> _TASK TO CARRY OUT_:
Without the pictures, retype each line below exactly as it stands.

> _DATA PROVIDED_:
=== Section Start ===

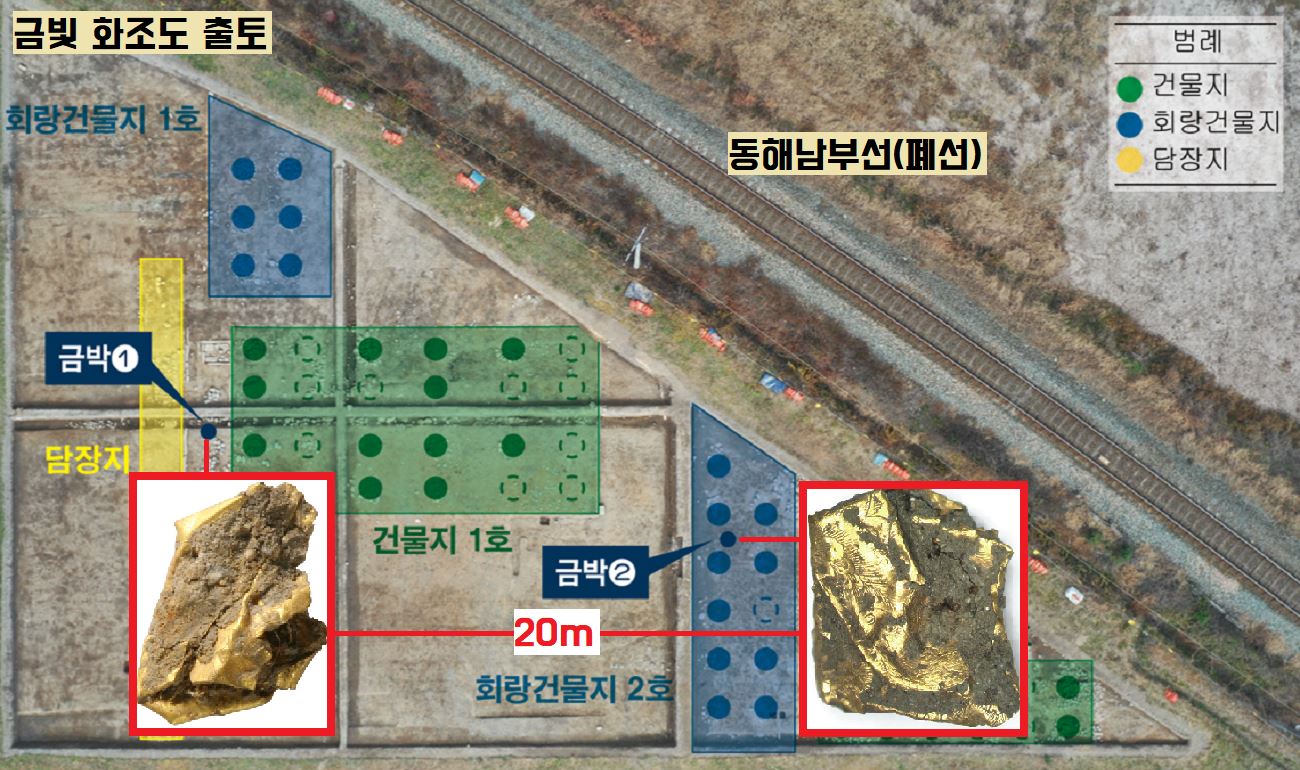 그것은 금박이었습니다. 그로부터 10여일이 지난 뒤 또다른 인부가 첫번째 발견지점에서 20m 떨어진 회랑건물터에서 반짝거리는 물체를 발견합니다.
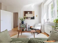 – in short – Old Mokotów – who knows, knows that it is one of the better places to live in Warsaw. Racławicka Metro is within a 7-minute walk from here. Sinked in green building and in it neat two rooms with separate kitchen overlooking the green. In a word truly Warsaw property in the top and desired location.
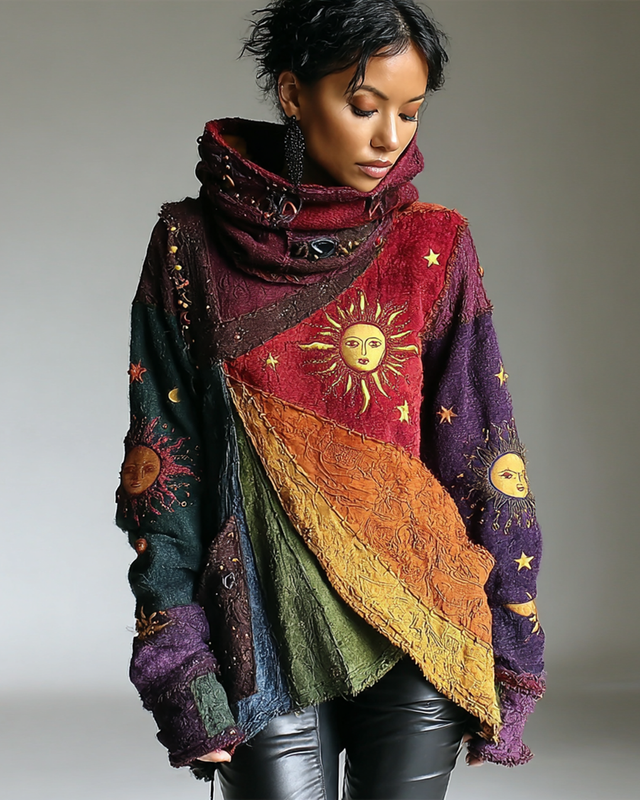 Women's Star and Moon 3D Embroidery Contrast Color Stitching High Neck Original Design Top 2715
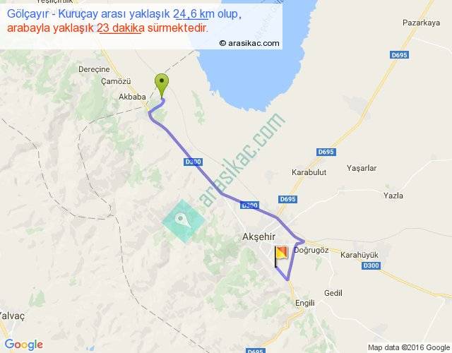 Gölçayır - Kuruçay arası yaklaşık olarak 90 km/h ile yukarıda belirtilen sürede olup, iki yerin kuş uçuşu uzaklığı (mesafesi) 17'dir. Yolculuk otobüsle 29 dakika sürmektedir.

=== Section End ===

> _WRITTEN RESPONSE_:
 그것은 금박이었습니다. 그로부터 10여일이 지난 뒤 또다른 인부가 첫번째 발견지점에서 20m 떨어진 회랑건물터에서 반짝거리는 물체를 발견합니다.
 – in short – Old Mokotów – who knows, knows that it is one of the better places to live in Warsaw. Racławicka Metro is within a 7-minute walk from here. Sinked in green building and in it neat two rooms with separate kitchen overlooking the green. In a word truly Warsaw property in the top and desired location.
 Women's Star and Moon 3D Embroidery Contrast Color Stitching High Neck Original Design Top 2715
 Gölçayır - Kuruçay arası yaklaşık olarak 90 km/h ile yukarıda belirtilen sürede olup, iki yerin kuş uçuşu uzaklığı (mesafesi) 17'dir. Yolculuk otobüsle 29 dakika sürmektedir.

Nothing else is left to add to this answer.